Victimes de la taxe carbone et de la suppression de la taxe professionnelle
Mais ce que les intéressés n'attendaient sans doute pas, c'est d'être la principale victime de deux mesures phares de la rentrée : la taxe carbone et la suppression de la taxe professionnelle.
La taxe carbone ne touchera pas trop ceux qui ne sortent pas de chez eux, hormis les personnes âgées qui n'ont pas les moyens ou l'ardeur de rénover leur installation de chauffage, pas davantage les traders de l'Ouest parisien qui se rendent au bureau en vélib' ! Qui touchera-telle d'abord ? Les agriculteurs et la plupart des artisans (on leur promet des détaxations, à voir...), les salariés contraints d'habiter loin de leur lieu de travail soit parce qu'ils n'ont pu acheter leur logement que loin des villes centre, soit parce que, en situation de précarité ou d'intérim, ils ont du accepter un emploi éloigné de leur domicile. Les vrais pauvres, comme l'a montré une étude récente, ne sont plus dans la couronne parisienne, ils sont dans les villages de la périphérie de l'Ile-de France, quelquefois dans l'Oise, le Loiret, l'Eure-et-Loir etc. et aussi dans les départements ruraux particulièrement touchés par les délocalisations.
La suppression de la taxe professionnelle ne devrait pas avoir d'effets sur les particuliers avant 2012 puisque jusque là, l'État promet de compenser le manque à gagner des collectivités locales. Mais au-delà ? Les dépenses des dites collectivités, qui ont beaucoup embauché et titularisé du personnel — et emprunté — au cours des dernières années, sont très peu élastiques à la baisse : le prélèvement dont seront allégées les entreprises sera transféré vers les ménages redevables de la taxe foncière et de la taxe d'habitation. Alors que la moitié des foyers français est exonérée de l'impôt sur le revenu, presque tous payent la taxe d'habitation et tous les propriétaires, grands et petits, soit 70 % des ménages, payent l'impôt foncier.
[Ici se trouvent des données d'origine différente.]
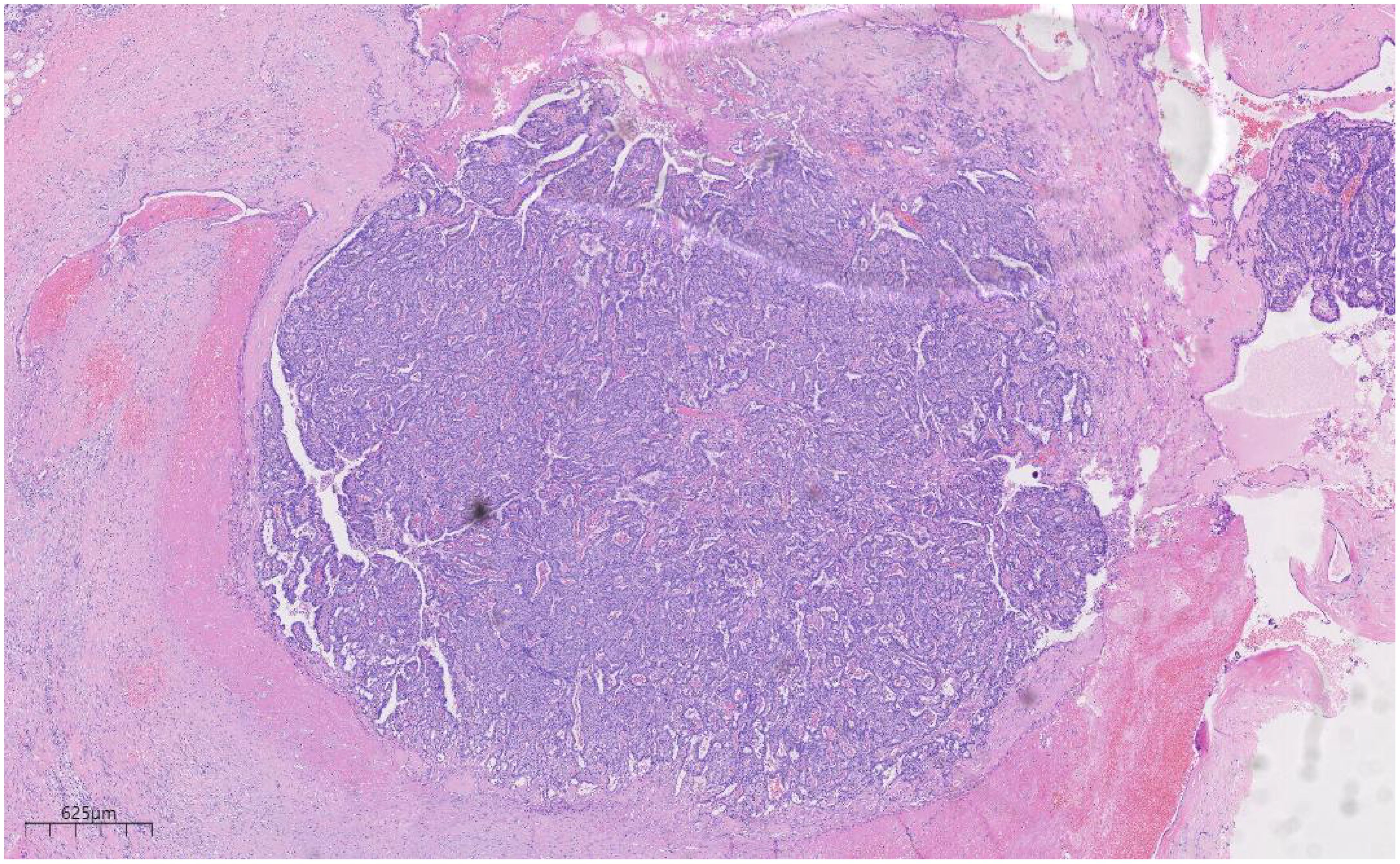 Figure 2. Low magnification shows papillary hyperplasia in the breast duct with clear margins. H&E ×15.7.

Parmi ces derniers beaucoup de petits revenus : salariés ayant acheté leur maison à crédit, retraités à qui leur maigre retraite ne permet plus de payer les charges d'une maison pour l'acquisition de laquelle ils se sont privés toute leur vie.
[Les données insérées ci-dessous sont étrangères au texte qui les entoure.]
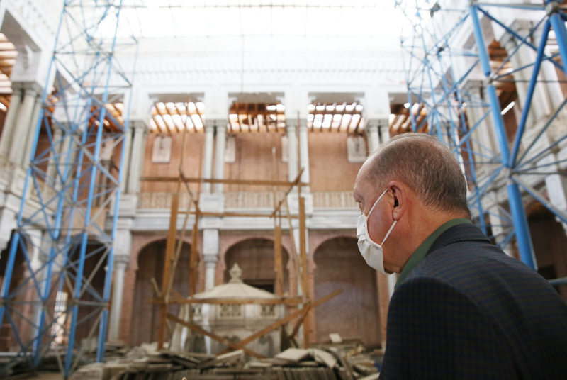 Taksim'de yapılan caminin cuma günü Başkan Recep Tayyip Erdoğan tarafından ibadete açılması bekleniyor. Camideki son durum kameralara yansıdı.

L'alourdissement extravagant de ces impôts dans une partie des communes — des départements et des régions — au cours des dernières années ( résultat d'une décentralisation débridée) fait que beaucoup de propriétaires payent l'équivalent d'un loyer en taxes et que certains , essoufflés, déménagent dans un logement plus petit ou une commune moins imposée. Il est notoire que c'est dans cette catégorie d'impôts que les difficultés de recouvrement sont les plus grandes.
Comme l'impôt sur les portes et fenêtres — ancêtre de la taxe d'habitation — instauré par l'Assemblée constituante en 1790 avait eu au XIXe siècle l'effet désastreux de pousser les Français à construire avec des ouvertures les plus petites possible, le poids des impôts locaux pousse aujourd'hui les Français à habiter de plus en plus petit.
Témoins amers des effets bénéfiques du bouclier fiscal pour les uns, du RSA (qu'il est question d'étendre aux moins de 25 ans) pour les autres, les petits salariés se diront sans doute que malgré les belles envolées tendant à réhabiliter le travail, ils continueront d'être les oubliés d'une République ploutocratique et compassionnelle mais de plus en plus dure à ceux qui triment.